**Material provided**.

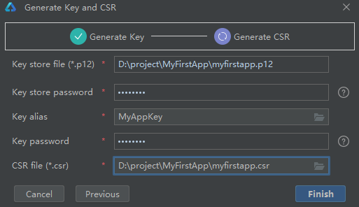 在申请数字证书和Profile文件前,首先需要通过DevEco Studio来生成密钥和证书请求文件。
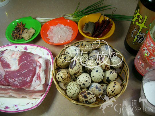 12、收干汤汁后关火,捡去葱、姜、八角、桂皮不要,将鹌鹑蛋摆放在盘子周围,再把肉盛进盘中即成。
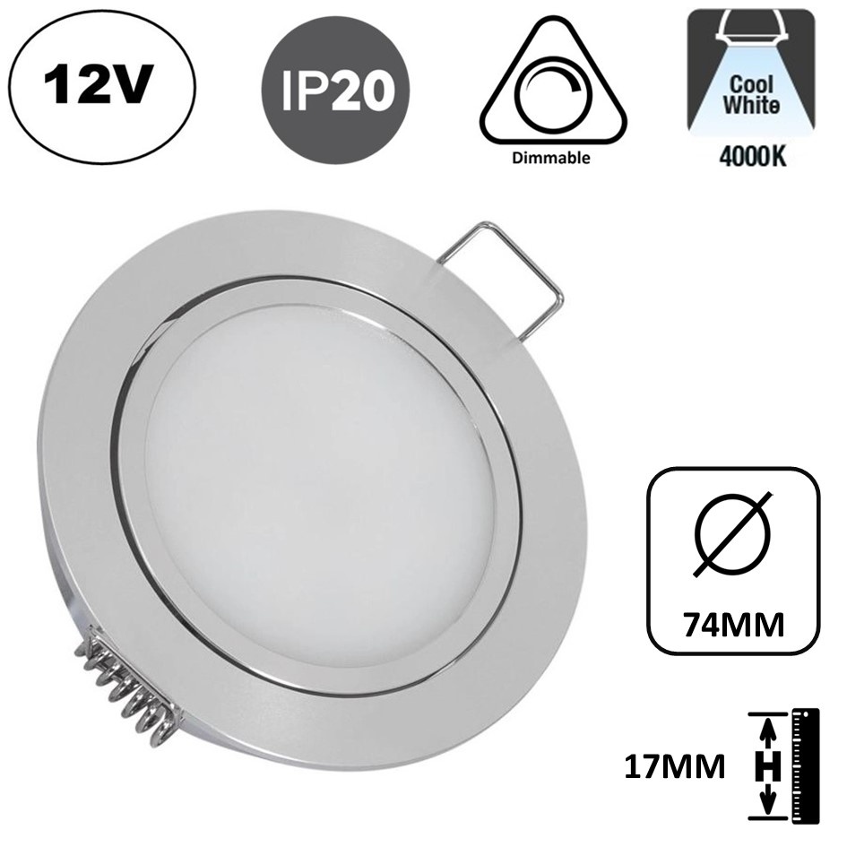 Door de zeer lage inbouwhoogte van 17mm en een diameter van 74mm is de spot geschikt voor plaatsing onder keukenkastjes of in je kledingkast. Met een gatmaat van diameter 67mm is dit een 1 op 1 vervanging van bestaande G4 armaturen. De spot worden geleverd met klemveren, maar deze kunnen gedemonteerd wordt voor montage. Met een klein beetje lijm op de rand of in het midden plaats je het armatuur heel gemakkelijk in een gat.

**What the task asks**. Without the pictures, write out the listing exactly as it appears above.

**Completed exercise**.
 在申请数字证书和Profile文件前,首先需要通过DevEco Studio来生成密钥和证书请求文件。
 12、收干汤汁后关火,捡去葱、姜、八角、桂皮不要,将鹌鹑蛋摆放在盘子周围,再把肉盛进盘中即成。
 Door de zeer lage inbouwhoogte van 17mm en een diameter van 74mm is de spot geschikt voor plaatsing onder keukenkastjes of in je kledingkast. Met een gatmaat van diameter 67mm is dit een 1 op 1 vervanging van bestaande G4 armaturen. De spot worden geleverd met klemveren, maar deze kunnen gedemonteerd wordt voor montage. Met een klein beetje lijm op de rand of in het midden plaats je het armatuur heel gemakkelijk in een gat.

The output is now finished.